Lines from the line with "下午,女職工們?cè)隈嗰R" to the line with "Julfilt röd ren" in the entries below, and only those, must be output exactly, with both ends included.

Start of Block

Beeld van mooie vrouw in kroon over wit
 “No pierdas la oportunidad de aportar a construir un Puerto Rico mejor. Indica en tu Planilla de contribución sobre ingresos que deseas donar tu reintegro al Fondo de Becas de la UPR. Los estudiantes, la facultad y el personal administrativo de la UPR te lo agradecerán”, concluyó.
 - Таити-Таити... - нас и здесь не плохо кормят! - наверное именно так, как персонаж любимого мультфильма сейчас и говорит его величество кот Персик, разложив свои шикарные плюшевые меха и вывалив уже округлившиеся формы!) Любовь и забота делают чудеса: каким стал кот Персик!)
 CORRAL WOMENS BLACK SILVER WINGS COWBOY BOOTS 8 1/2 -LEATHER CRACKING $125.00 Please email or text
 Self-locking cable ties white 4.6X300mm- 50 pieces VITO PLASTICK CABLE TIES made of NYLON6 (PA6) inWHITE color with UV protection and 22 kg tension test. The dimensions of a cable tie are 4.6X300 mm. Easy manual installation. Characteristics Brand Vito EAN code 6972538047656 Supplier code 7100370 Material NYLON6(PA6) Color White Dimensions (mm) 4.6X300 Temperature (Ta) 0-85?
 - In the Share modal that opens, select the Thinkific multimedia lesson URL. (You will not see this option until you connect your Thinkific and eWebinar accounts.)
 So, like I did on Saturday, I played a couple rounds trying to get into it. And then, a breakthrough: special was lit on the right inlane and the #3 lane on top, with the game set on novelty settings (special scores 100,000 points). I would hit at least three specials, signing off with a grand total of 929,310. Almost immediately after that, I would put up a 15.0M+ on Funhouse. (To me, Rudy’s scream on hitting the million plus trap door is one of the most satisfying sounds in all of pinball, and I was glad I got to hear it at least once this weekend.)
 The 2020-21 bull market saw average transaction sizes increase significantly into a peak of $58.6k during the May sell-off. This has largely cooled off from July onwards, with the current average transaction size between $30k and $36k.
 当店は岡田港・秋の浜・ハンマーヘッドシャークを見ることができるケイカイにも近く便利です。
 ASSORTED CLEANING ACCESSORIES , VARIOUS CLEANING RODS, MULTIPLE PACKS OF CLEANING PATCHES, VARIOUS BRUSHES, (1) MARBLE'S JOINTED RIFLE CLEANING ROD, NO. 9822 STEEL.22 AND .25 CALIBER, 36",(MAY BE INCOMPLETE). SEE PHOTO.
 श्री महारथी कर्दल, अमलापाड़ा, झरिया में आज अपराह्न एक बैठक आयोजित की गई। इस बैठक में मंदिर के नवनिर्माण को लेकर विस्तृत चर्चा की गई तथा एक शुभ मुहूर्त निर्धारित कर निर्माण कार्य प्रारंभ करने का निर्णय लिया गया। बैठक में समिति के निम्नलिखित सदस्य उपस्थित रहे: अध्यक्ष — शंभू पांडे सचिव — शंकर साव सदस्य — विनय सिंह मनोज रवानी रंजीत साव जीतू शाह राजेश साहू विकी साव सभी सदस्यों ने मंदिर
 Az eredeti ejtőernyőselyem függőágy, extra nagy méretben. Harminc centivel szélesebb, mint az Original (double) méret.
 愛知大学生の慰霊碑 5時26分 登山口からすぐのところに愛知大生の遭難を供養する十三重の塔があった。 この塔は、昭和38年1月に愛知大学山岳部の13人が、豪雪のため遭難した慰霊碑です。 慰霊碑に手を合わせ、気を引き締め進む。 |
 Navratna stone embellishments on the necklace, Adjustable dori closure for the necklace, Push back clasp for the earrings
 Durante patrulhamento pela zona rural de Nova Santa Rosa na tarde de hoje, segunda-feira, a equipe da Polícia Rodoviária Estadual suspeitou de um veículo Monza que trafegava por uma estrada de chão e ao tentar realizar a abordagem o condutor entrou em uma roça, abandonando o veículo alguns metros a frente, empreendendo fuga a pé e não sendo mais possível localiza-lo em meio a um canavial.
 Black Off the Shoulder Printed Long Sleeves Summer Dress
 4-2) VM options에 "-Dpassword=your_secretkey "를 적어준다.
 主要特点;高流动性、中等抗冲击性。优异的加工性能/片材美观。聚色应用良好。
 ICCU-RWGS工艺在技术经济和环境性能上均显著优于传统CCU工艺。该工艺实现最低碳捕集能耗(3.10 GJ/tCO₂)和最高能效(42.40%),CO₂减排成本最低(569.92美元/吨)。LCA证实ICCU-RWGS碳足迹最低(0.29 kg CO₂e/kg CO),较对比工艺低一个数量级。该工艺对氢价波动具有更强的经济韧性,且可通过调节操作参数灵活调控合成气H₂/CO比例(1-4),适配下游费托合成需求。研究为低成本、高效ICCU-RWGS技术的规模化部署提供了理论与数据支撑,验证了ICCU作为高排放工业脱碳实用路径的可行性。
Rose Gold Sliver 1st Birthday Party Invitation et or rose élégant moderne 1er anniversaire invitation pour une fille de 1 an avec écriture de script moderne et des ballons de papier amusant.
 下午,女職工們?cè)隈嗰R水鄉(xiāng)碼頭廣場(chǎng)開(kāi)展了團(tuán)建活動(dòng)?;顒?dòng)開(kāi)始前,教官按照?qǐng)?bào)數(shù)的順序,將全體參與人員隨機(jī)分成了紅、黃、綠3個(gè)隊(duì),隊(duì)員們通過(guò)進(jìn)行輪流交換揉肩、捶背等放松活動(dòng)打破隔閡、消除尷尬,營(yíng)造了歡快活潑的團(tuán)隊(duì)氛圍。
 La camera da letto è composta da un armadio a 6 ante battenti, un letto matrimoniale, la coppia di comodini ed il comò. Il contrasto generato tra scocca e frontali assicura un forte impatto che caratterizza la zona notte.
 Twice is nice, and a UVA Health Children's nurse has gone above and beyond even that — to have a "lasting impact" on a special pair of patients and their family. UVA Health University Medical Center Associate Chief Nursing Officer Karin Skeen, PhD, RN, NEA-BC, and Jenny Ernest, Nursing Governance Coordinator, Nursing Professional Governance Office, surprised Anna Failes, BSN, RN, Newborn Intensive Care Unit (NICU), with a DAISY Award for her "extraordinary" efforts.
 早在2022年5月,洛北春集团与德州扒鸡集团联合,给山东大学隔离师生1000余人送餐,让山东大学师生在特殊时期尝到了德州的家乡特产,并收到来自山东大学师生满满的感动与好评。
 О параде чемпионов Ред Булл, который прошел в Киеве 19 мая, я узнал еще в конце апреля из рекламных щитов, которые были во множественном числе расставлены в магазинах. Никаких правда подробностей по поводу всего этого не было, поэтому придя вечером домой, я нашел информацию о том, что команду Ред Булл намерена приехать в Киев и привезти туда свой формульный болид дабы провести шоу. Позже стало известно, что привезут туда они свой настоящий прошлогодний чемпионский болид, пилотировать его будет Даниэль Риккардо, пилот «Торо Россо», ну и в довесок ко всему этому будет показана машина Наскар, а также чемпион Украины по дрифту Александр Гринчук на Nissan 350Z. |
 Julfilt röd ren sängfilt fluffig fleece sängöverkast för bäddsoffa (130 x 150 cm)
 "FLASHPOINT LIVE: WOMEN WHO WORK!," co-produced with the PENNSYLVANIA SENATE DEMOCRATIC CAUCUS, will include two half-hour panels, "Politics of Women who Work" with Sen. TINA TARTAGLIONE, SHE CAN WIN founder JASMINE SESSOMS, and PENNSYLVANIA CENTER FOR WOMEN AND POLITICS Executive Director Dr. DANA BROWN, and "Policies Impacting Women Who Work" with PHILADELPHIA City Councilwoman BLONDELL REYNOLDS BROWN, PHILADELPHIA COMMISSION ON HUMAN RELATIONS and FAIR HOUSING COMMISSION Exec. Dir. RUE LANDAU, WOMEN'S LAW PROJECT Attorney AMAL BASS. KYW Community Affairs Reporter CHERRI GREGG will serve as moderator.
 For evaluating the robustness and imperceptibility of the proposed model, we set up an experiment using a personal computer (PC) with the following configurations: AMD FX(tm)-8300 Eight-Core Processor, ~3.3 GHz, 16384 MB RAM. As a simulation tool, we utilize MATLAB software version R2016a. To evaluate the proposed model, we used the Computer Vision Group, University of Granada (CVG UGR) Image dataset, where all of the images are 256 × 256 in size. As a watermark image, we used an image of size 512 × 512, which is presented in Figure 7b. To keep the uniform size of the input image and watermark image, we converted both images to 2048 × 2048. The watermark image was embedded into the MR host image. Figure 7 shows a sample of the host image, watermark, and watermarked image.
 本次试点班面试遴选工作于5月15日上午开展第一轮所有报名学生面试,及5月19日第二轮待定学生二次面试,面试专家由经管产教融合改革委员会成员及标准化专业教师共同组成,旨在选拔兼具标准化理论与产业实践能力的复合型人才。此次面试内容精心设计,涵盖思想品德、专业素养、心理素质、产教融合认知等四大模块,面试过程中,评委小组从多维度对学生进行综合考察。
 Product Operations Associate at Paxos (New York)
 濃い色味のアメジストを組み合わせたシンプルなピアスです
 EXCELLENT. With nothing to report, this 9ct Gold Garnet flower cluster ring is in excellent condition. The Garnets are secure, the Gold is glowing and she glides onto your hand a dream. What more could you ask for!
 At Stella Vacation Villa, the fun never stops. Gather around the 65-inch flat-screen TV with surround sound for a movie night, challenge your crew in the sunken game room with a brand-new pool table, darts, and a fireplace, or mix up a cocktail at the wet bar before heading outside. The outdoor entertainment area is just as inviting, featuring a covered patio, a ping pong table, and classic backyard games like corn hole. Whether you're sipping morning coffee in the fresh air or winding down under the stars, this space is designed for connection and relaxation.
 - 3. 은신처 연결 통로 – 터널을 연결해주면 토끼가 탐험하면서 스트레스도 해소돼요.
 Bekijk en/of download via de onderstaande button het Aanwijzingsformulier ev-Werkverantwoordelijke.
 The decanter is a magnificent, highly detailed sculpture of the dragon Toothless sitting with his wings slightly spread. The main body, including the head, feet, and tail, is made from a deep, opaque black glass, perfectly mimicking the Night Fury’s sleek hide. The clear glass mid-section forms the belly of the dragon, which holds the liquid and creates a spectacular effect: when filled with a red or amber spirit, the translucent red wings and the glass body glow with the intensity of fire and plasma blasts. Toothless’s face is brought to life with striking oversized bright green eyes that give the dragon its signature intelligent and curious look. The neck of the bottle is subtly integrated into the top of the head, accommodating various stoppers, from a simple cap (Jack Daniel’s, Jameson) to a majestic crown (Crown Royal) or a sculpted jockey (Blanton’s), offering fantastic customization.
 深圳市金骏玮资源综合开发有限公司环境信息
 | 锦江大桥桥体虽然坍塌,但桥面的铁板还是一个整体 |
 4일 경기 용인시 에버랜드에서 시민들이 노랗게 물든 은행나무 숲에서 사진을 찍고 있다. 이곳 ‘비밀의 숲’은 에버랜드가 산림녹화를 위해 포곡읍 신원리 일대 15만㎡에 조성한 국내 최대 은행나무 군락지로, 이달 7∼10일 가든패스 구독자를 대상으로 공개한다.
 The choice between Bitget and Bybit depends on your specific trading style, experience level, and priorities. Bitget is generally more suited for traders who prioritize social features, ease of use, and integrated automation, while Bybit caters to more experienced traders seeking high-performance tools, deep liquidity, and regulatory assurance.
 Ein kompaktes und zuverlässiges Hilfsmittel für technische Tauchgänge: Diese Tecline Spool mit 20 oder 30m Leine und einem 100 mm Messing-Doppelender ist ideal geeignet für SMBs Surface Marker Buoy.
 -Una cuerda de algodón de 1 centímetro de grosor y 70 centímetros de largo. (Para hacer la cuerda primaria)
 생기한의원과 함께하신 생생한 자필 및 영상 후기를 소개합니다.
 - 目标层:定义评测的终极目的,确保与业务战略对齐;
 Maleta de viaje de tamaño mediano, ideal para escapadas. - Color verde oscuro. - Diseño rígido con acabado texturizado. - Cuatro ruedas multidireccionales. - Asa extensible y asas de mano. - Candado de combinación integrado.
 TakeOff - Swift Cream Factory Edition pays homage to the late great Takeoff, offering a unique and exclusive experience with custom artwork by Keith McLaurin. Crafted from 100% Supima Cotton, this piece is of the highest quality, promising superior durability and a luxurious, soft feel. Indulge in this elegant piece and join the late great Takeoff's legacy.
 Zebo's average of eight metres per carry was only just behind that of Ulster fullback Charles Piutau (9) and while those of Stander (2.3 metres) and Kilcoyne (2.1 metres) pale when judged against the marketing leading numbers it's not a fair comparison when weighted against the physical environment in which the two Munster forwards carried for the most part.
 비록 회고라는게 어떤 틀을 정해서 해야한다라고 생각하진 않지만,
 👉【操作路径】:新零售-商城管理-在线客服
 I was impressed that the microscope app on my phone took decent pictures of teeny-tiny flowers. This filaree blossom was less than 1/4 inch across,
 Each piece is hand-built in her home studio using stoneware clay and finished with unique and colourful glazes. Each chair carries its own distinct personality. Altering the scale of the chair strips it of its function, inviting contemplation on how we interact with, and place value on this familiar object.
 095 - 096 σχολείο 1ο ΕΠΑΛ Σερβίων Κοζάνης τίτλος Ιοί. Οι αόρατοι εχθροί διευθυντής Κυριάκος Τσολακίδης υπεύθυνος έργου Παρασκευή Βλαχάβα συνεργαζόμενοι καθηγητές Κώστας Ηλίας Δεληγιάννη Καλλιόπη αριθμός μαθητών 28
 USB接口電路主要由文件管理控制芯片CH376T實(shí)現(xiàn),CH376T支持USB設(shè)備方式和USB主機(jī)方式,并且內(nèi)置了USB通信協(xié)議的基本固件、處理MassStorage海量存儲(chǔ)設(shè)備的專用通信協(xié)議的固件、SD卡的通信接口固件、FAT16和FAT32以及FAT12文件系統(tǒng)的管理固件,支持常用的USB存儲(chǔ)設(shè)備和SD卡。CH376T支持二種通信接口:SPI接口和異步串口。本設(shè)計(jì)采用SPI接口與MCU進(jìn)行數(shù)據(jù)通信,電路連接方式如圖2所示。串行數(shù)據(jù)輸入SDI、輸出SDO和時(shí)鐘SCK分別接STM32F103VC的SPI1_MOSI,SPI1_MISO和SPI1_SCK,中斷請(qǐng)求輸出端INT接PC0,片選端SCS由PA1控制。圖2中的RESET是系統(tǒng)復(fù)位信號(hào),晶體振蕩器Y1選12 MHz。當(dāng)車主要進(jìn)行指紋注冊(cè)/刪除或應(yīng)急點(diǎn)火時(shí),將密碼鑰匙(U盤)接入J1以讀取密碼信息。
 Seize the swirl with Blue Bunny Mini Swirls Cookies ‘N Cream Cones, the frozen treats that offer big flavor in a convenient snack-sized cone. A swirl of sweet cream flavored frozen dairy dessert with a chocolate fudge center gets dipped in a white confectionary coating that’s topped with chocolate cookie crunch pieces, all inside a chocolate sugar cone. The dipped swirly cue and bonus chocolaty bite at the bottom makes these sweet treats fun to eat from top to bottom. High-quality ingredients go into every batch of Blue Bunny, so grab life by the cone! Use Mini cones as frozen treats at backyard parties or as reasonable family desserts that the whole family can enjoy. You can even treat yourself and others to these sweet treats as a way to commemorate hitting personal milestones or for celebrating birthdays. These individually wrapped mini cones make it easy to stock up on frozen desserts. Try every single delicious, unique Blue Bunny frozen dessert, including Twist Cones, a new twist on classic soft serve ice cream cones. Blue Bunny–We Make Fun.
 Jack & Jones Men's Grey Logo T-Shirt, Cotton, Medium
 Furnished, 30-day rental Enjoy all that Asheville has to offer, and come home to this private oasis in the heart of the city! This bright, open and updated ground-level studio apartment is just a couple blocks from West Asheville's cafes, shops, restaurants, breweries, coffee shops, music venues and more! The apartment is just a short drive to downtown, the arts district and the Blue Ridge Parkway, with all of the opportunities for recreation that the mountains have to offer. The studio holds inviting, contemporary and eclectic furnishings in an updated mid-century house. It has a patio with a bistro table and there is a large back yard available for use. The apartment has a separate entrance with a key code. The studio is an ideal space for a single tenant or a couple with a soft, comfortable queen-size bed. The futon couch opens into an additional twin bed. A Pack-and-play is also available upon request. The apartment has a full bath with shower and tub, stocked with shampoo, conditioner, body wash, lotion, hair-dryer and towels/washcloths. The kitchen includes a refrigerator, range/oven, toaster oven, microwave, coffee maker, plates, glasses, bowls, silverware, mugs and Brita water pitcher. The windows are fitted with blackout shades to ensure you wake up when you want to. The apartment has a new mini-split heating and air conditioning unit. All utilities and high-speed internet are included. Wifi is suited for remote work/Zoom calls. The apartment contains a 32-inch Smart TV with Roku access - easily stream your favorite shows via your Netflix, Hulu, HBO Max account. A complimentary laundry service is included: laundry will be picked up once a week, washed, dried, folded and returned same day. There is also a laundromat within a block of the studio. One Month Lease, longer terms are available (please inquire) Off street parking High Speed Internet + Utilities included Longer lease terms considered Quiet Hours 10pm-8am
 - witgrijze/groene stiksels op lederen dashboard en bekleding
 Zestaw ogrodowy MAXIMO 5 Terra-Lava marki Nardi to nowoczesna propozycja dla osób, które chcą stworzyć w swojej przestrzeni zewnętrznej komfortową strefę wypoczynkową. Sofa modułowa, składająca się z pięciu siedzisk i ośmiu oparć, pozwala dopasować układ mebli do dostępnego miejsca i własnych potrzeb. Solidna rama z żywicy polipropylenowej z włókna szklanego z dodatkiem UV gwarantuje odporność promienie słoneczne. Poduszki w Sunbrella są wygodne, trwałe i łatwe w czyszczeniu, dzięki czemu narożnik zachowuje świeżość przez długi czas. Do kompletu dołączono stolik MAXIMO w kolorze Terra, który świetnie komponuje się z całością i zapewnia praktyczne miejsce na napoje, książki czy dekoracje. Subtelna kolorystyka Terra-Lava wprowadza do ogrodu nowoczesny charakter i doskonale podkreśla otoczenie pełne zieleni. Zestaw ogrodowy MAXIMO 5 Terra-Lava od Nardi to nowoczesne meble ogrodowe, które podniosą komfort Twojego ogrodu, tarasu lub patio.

End of Block

THE COMPLETED TASK:
 下午,女職工們?cè)隈嗰R水鄉(xiāng)碼頭廣場(chǎng)開(kāi)展了團(tuán)建活動(dòng)?;顒?dòng)開(kāi)始前,教官按照?qǐng)?bào)數(shù)的順序,將全體參與人員隨機(jī)分成了紅、黃、綠3個(gè)隊(duì),隊(duì)員們通過(guò)進(jìn)行輪流交換揉肩、捶背等放松活動(dòng)打破隔閡、消除尷尬,營(yíng)造了歡快活潑的團(tuán)隊(duì)氛圍。
 La camera da letto è composta da un armadio a 6 ante battenti, un letto matrimoniale, la coppia di comodini ed il comò. Il contrasto generato tra scocca e frontali assicura un forte impatto che caratterizza la zona notte.
 Twice is nice, and a UVA Health Children's nurse has gone above and beyond even that — to have a "lasting impact" on a special pair of patients and their family. UVA Health University Medical Center Associate Chief Nursing Officer Karin Skeen, PhD, RN, NEA-BC, and Jenny Ernest, Nursing Governance Coordinator, Nursing Professional Governance Office, surprised Anna Failes, BSN, RN, Newborn Intensive Care Unit (NICU), with a DAISY Award for her "extraordinary" efforts.
 早在2022年5月,洛北春集团与德州扒鸡集团联合,给山东大学隔离师生1000余人送餐,让山东大学师生在特殊时期尝到了德州的家乡特产,并收到来自山东大学师生满满的感动与好评。
 О параде чемпионов Ред Булл, который прошел в Киеве 19 мая, я узнал еще в конце апреля из рекламных щитов, которые были во множественном числе расставлены в магазинах. Никаких правда подробностей по поводу всего этого не было, поэтому придя вечером домой, я нашел информацию о том, что команду Ред Булл намерена приехать в Киев и привезти туда свой формульный болид дабы провести шоу. Позже стало известно, что привезут туда они свой настоящий прошлогодний чемпионский болид, пилотировать его будет Даниэль Риккардо, пилот «Торо Россо», ну и в довесок ко всему этому будет показана машина Наскар, а также чемпион Украины по дрифту Александр Гринчук на Nissan 350Z. |
 Julfilt röd ren sängfilt fluffig fleece sängöverkast för bäddsoffa (130 x 150 cm)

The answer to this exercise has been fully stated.